Exercise objective:
When the line with "Add a sense" appears below, start repeating lines exactly, and keep going through the line with "把鸡胸肉切片铺到饭上,淋上酱汁,放上配菜就完成啦~"; add nothing outside that span.

Task inputs:
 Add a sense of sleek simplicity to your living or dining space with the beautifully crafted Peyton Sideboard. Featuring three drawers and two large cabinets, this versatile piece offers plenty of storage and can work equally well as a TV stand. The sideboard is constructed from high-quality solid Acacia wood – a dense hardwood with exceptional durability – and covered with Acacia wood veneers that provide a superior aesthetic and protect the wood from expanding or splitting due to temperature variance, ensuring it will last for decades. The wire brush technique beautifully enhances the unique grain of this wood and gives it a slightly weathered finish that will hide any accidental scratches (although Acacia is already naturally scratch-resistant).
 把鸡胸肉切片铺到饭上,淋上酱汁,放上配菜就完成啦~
* * *
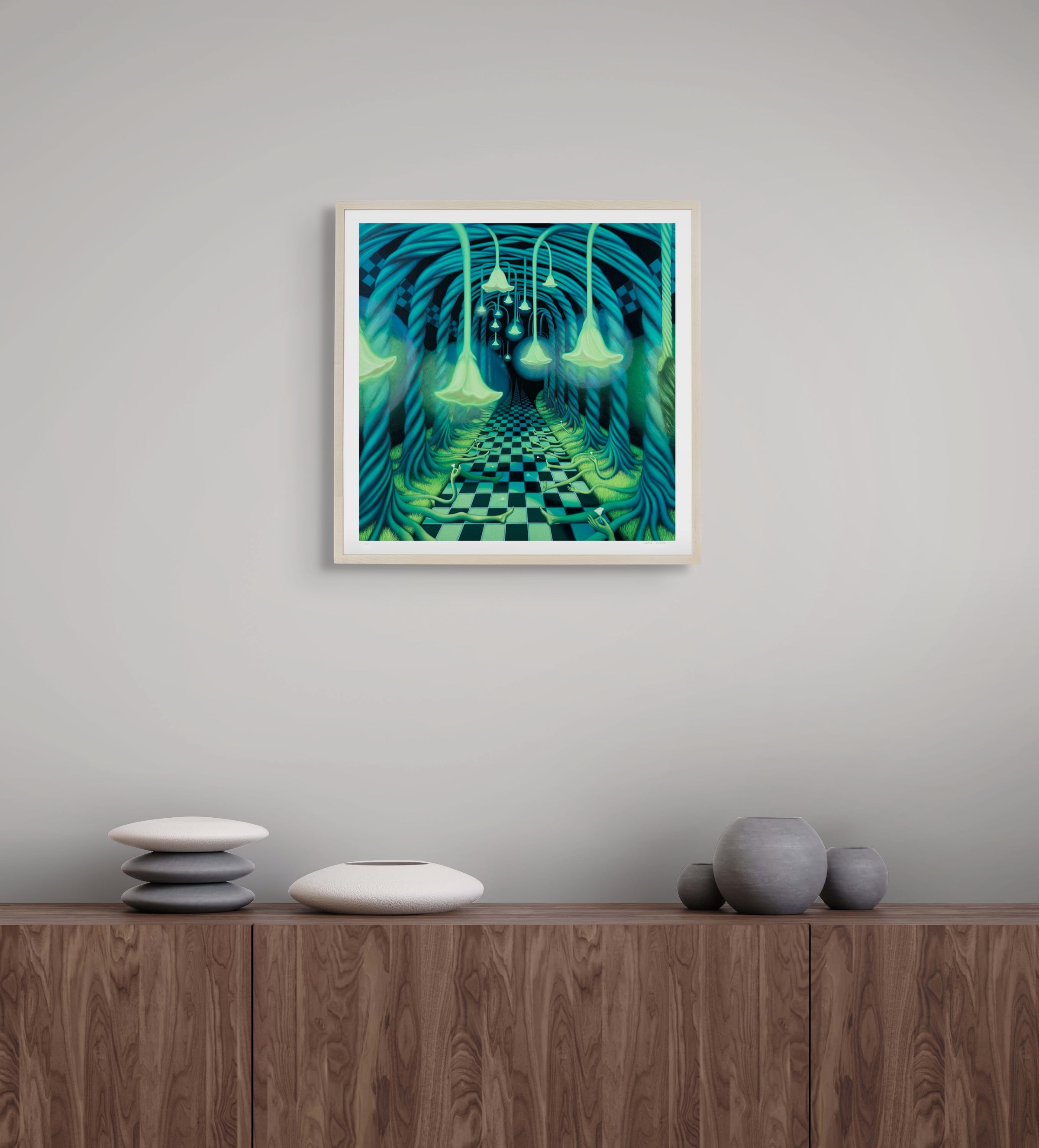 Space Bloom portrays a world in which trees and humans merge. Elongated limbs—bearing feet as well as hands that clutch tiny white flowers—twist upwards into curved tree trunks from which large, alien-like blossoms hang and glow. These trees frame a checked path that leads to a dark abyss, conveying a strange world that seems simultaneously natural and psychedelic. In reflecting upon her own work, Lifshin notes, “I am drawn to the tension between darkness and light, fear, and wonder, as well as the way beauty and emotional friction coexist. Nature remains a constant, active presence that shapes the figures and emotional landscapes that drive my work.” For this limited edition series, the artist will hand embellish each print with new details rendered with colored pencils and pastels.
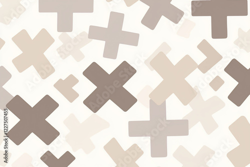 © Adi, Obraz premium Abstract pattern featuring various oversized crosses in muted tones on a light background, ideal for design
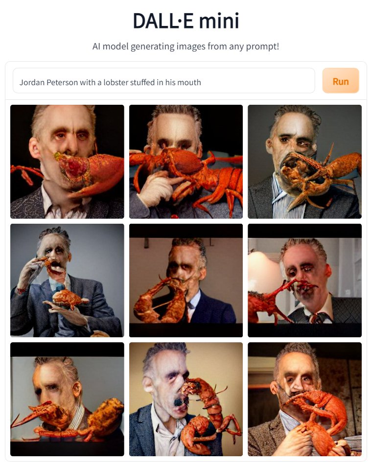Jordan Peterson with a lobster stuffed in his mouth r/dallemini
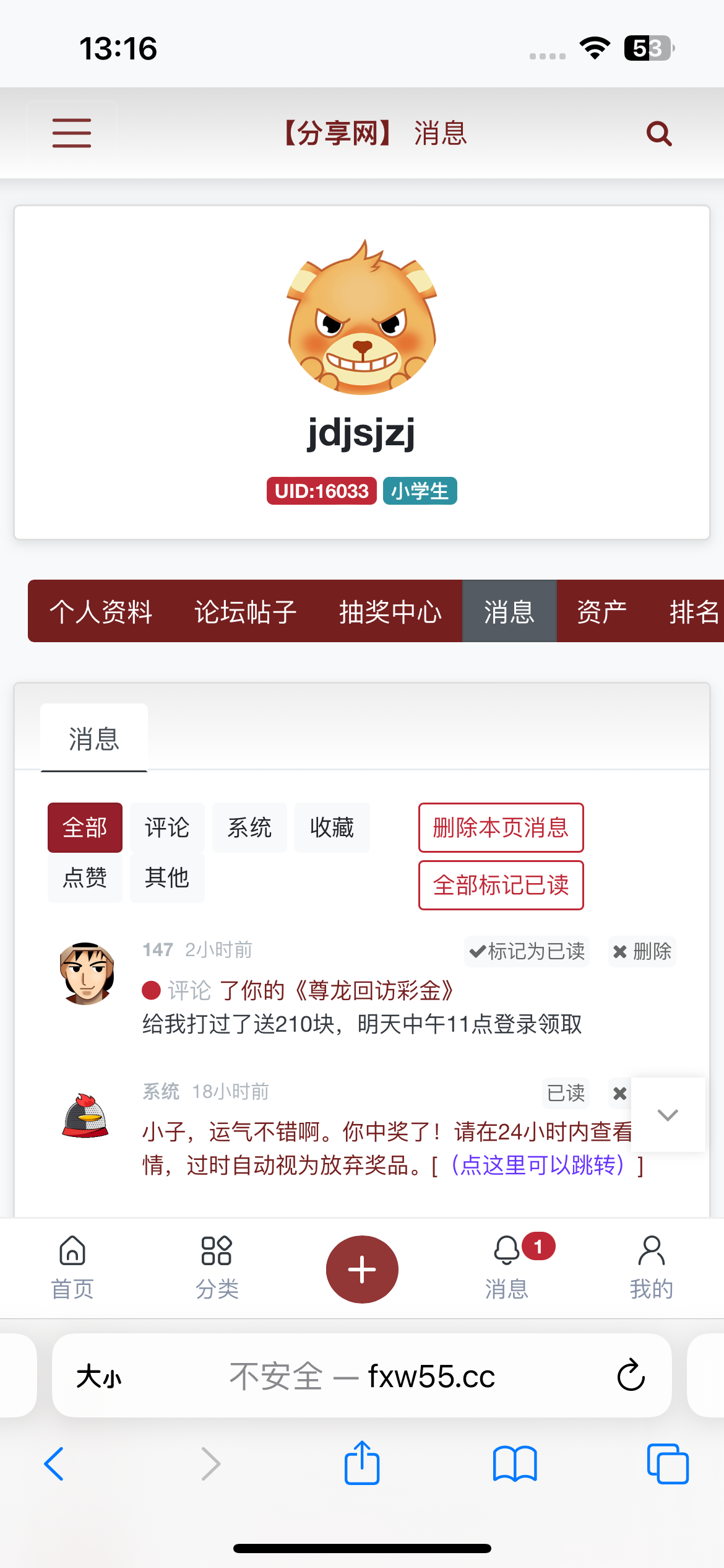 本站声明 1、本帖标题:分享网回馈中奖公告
* * *
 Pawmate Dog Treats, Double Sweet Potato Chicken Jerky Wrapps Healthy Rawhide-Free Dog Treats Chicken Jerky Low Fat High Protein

Response:
 Add a sense of sleek simplicity to your living or dining space with the beautifully crafted Peyton Sideboard. Featuring three drawers and two large cabinets, this versatile piece offers plenty of storage and can work equally well as a TV stand. The sideboard is constructed from high-quality solid Acacia wood – a dense hardwood with exceptional durability – and covered with Acacia wood veneers that provide a superior aesthetic and protect the wood from expanding or splitting due to temperature variance, ensuring it will last for decades. The wire brush technique beautifully enhances the unique grain of this wood and gives it a slightly weathered finish that will hide any accidental scratches (although Acacia is already naturally scratch-resistant).
 把鸡胸肉切片铺到饭上,淋上酱汁,放上配菜就完成啦~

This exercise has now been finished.